The ten lunar months of pregnancy are clearly a special time in a woman’s life. Despite the multitude of dietary advice offered regarding the nutrients which will be needed to ensure a healthy pregnancy, the best approach, where possible, is to maintain a sensible, healthy diet and to trust the body wisdom that is intensified during this time. Supplements are helpful in some cases, but not necessary if the diet is good and the woman is reasonably well.
Some special considerations may be helpful:
Eating for Two. To overeat during pregnancy is a mistake, especially if this means eating more quick-fix carbohydrates. It is natural to eat more, but quality is far more important than quantity. In particular it is important to eat more dark green vegetables and good quality protein sources. In the later stages of pregnancy it may be easier to eat several smaller meals during the day to help bridge any drops in sugar level.
It is natural for the energy of the Spleen, Kidney and Liver to be slightly lower than usual during pregnancy. Their energy is being drawn on to nourish the developing child. Whilst it is important to maintain their strength, it is not usually advisable to over-tonify as this may result in rejection of the foetus/embryo.
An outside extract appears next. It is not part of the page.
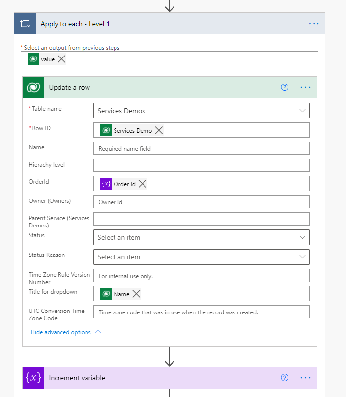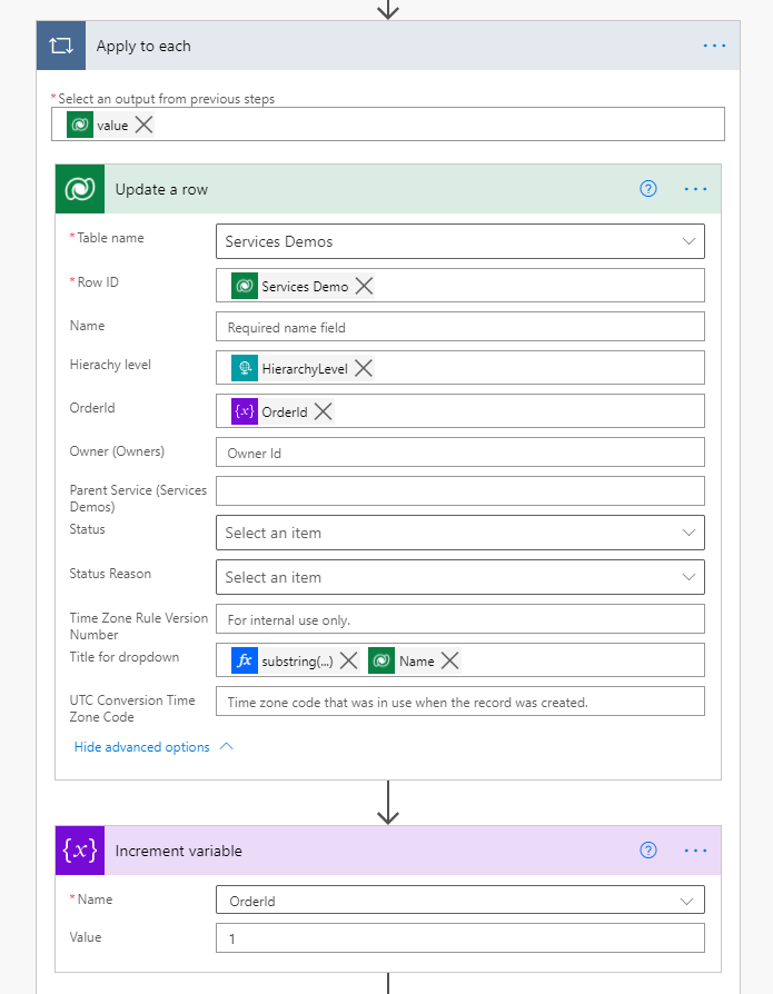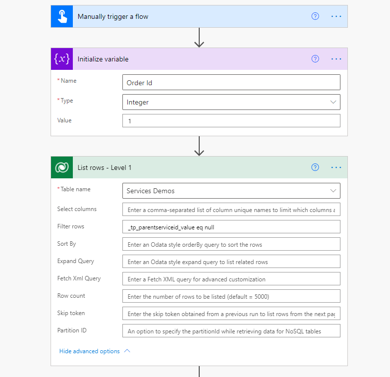 Rakennetaan seuraavaksi flow, joka käy läpi palveluhierarkian ja tallentaa jokaiselle riville järjestysnumeron siten että palvelut voi listata oikeassa järjestyksessä esim. alasvetovalikkoon sovelluksessamme.

For this reason heavy supplementation is not usually advised.
Pregnancy is also a time when the mother detoxifies more strongly than at other times. Drastic changes to the diet may result in too much toxicity being released at once so all dietary change should be gradual, ideally beginning before conception. Avoidance of toxins will occur instinctively in the mother and needs to be honoured. It is helpful to review such things as air quality, water purity and chemicals generally entering the diet. Sudden exposure of the developing child to toxins, e.g., through a spell of heavy alcohol consumption, can be as damaging as lower level, more chronic exposure, so consistent moderation is the best approach.
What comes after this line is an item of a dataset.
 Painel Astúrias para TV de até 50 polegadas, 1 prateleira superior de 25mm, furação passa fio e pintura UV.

Following the principles of minimal intervention will obviously lead to avoidance of the use of antibiotics, aspirin, antacids or any other drugs that may be used during pregnancy. Many of these drugs are energetically Cold in nature and may damage the developing child. Cold foods are also to be treated with caution during pregnancy. Caffeinated drinks, sugar, alcohol, saturated fat and recreational or medicinal drugs are all best kept to a minimum. Exposure to extremes of cold, or of heat (such as sauna) are generally to be avoided where possible.
Other kinds of intervention such as scans and electrical monitoring or invasive tests are often unnecessary, and being well-informed and supported by a strong advocate is advisable. Even in techniques as apparently uninvasive as ultrasound, the baby has been shown to move away from the sound waves, suggesting that this procedure is disturbing, at least.
Birth is a time when the mother has another opportunity to detoxify and this is a natural part of the process. During the immediate postpartum stage the cleansing process is supported by keeping to a simple and nourishing diet for a few days. Only when this cleansing process is complete is it advisable to begin the strengthening process to replace the loss of Blood and Qi. Tonifying herbs and a more strengthening diet are begun as soon as the cleansing is complete, to nourish the mother through breast-feeding and the work of motherhood.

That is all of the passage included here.